*EXERCISE*. Find the line containing "Улучшение света фар" in the entries below. Restate it and each line after it, word for word, up to and including the line containing "Het perceel waarop".

MATERIAL FOR THIS EXERCISE section start

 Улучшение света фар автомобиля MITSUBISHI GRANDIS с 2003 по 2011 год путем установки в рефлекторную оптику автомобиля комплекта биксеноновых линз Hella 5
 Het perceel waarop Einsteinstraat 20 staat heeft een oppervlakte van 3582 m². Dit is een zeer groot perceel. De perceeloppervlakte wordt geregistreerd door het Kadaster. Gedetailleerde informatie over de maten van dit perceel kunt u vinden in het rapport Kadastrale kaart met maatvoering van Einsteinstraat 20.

MATERIAL FOR THIS EXERCISE section end
MATERIAL FOR THIS EXERCISE section start

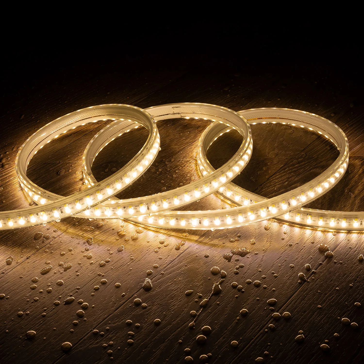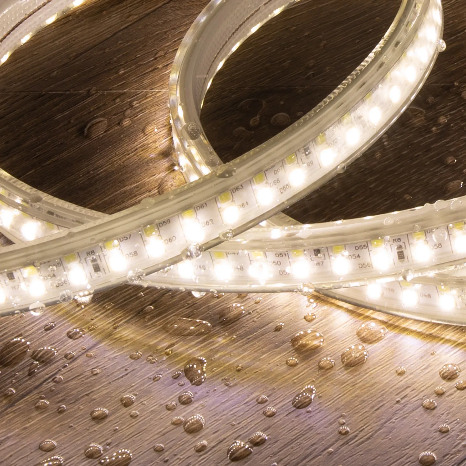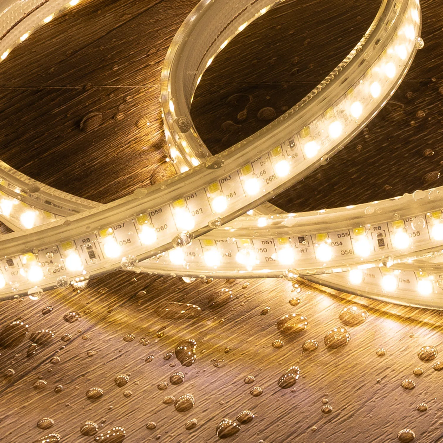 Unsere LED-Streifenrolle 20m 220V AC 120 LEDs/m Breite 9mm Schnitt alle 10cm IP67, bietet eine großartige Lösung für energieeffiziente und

MATERIAL FOR THIS EXERCISE section end
MATERIAL FOR THIS EXERCISE section start

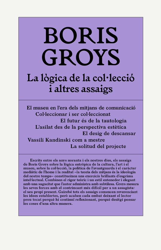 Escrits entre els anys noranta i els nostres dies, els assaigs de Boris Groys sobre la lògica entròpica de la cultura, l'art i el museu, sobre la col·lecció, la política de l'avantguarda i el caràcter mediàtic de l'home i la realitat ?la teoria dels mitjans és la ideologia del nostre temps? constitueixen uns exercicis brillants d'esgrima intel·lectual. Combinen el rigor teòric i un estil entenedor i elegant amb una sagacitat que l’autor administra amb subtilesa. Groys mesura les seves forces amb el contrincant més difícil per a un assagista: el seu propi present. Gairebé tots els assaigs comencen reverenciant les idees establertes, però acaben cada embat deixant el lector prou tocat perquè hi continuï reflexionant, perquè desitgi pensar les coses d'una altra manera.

MATERIAL FOR THIS EXERCISE section end

*ANSWER TO THIS TASK*.
 Улучшение света фар автомобиля MITSUBISHI GRANDIS с 2003 по 2011 год путем установки в рефлекторную оптику автомобиля комплекта биксеноновых линз Hella 5
 Het perceel waarop Einsteinstraat 20 staat heeft een oppervlakte van 3582 m². Dit is een zeer groot perceel. De perceeloppervlakte wordt geregistreerd door het Kadaster. Gedetailleerde informatie over de maten van dit perceel kunt u vinden in het rapport Kadastrale kaart met maatvoering van Einsteinstraat 20.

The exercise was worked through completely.